Morgans Financial's Chief Economist and Director of Strategy, Michael Knox, discusses President Trump's introduction of reciprocal tariffs to address high foreign tariffs on U.S. goods. Learn how this policy aims to balance trade and reduce the U.S. budget deficit, impacting countries like China, the EU, Vietnam, and Australia. Read the transcription below:
"Back in November, we began discussing a policy document written by Peter Navarro, who had outlined what he expected the Trump administration to achieve if it were elected. One key part of this policy involved reciprocal trade, which aimed to address the issue of high tariffs charged by other countries on imports of U.S. goods. The idea was to create a structure for negotiating down these tariffs.
Navarro argued that many countries were imposing very high tariffs on U.S. imports, and the goal was to bring these rates into alignment with those that the U.S. imposes on goods from those countries. Fast forward several months. This week, President Trump issued an executive order that introduced these reciprocal tariffs. Essentially, the idea is that the U.S. will impose tariffs on other countries promted by the tariffs they charge on U.S. goods. For example, countries like Vietnam or China charge significantly higher tariffs on American goods than the U.S. charges on imports from these countries. The U.S. proposal is to raise its tariffs to match half the rates charged by these countries.
For instance, China currently imposes a 67% tariff on American goods, while the U.S. only charges about 2.5%. Under the new proposal, the U.S. would raise its tariffs on Chinese goods to 34%, which is half of the Chinese tariff. Similarly, the European Union charges about a 39% tariff on U.S. goods, and the U.S. now plans to charge 20% on imports from the EU. Vietnam, which imposes around a 90% tariff, would see U.S. tariffs rise to 46% . Taiwan, which has a tariff of 64%, would be subject to a 32% tariff.
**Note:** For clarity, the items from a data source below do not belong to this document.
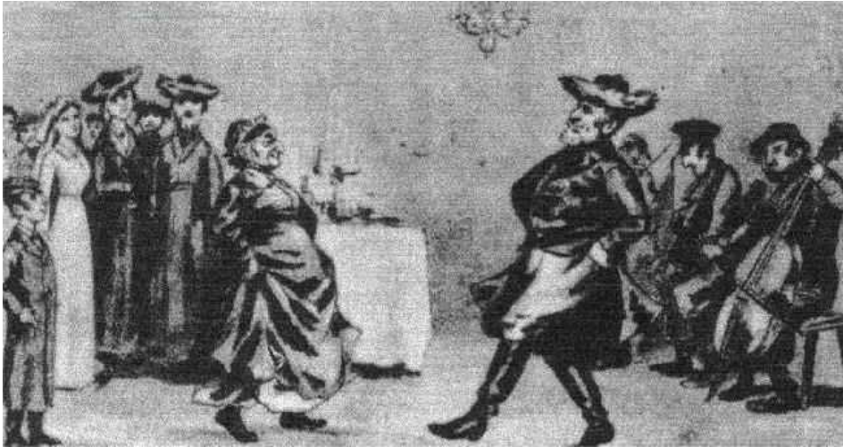
Mekhutonim tants (in- laws dance) Galicia, late 19 th century (anonymous artist)

The choreographic system that emerged seems to have been fairly stable over most of the area of Jewish settlement in Eastern Europe from earlier to mid-19 th century only until the end of the 20 th century. By then modernization and Enlightenment, and in some places (parts of Hungary, Moldavia and Wallachia) cultural assimilation, weakened the practice of the system. The First World War and the Russian Revolution marked the end of this choreographic system as the dominant one. After the Holocaust traditional Ashkenazic dance was still practiced among some Yiddish-speaking communities in the former Soviet Union and among members of the landsmanshaft culture in the United States, especially in New York and Philadelphia.
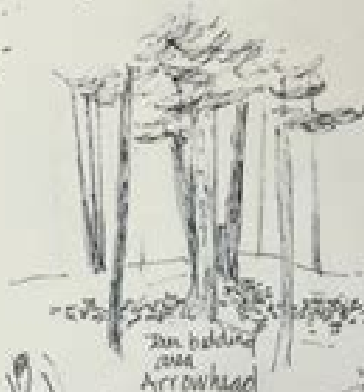
San holding near Arrowhead
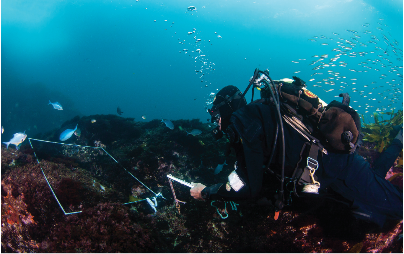
A diver measures the number of shellfish and the seaweed coverage in a 1 metre square sampling area.
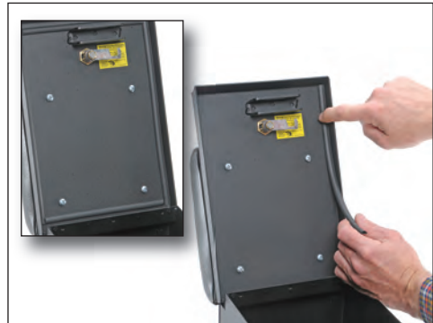
FIGURE 3. Cut to length the rubber seal and apply at the edge of the lid's interior and check the lock operation.
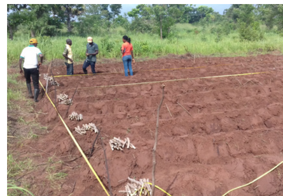
Setting the trial
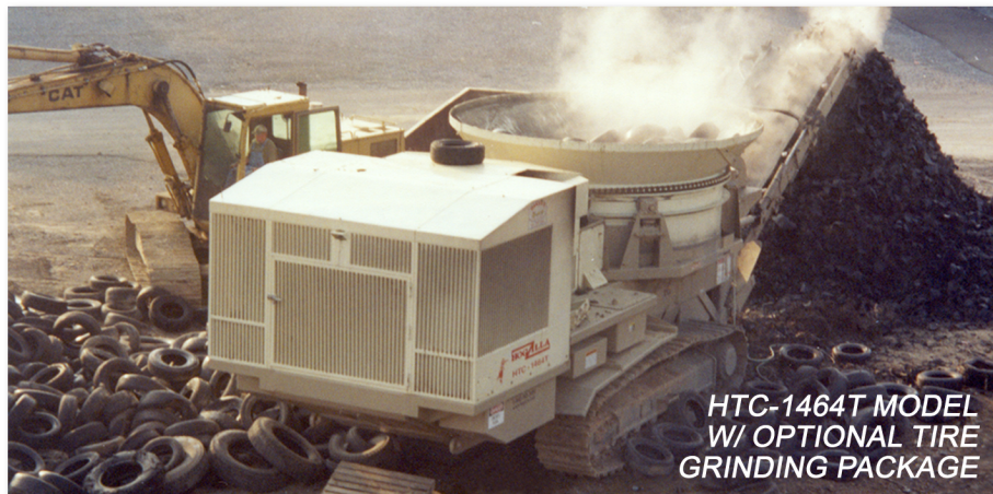
HTC-1464T MODEL W/ OPTIONAL TIRE GRINDING PACKAGE

The HC series grinders are built to be the most reliable high capacity grinders in their class. You can expect maximum production at the end of the day, be it acres, tons, or yards of material being ground. At 750 - 1050 horsepower and averaging 90,000lbs., the HC Series can handle your toughest jobs and last for years doing it. The power is delivered to the hammermill by Hydraulic Coupling or an optional Torque Converter Drive, which will multiply engine torque to the hammermill for even greater production.
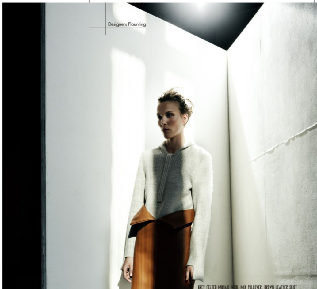
GREY FELTED MOHAIR-WOOL-MIX PULLOVER, BROWN LEATHER SKIRT

Australia, however, fares better with only a 10% tariff on U.S. goods. Some have questioned why Australia faces this tariff despite not charging any tariffs on American imports. The reason, according to Navarro, is that Australia's Goods and Services Tax (GST) is 10%, which, while not a tariff, effectively raises the price of imported goods in the same way that tariffs do. Therefore, it is treated similarly to an import tariff.
Although this concept of reciprocal tariffs has been discussed since November, it came as a surprise to many countries when Trump made the announcement in the Rose Garden this week. For some nations, like Australia, the 10% tariff may be the best deal available. This is because the U.S. is aiming to reduce its budget deficit, which is currently running at about 6.8% of GDP. Part of this effort involves raising revenue through tariffs. The U.S. hopes to reduce its deficit to about 3% by cutting spending and increasing revenue.
Ultimately, the goal of these reciprocal tariffs is to create a bargaining process where other countries can negotiate lower tariffs. As the market adjusts to this idea, we expect the situation to stabilise. Over the coming weeks, there may be more clarity on how these tariffs will be applied and whether countries can reach agreements to reduce them to more reasonable levels. The market has already reacted dramatically to the news, but as this process unfolds, it’s likely that the global economy will adapt to the changes, and the financial system will settle down."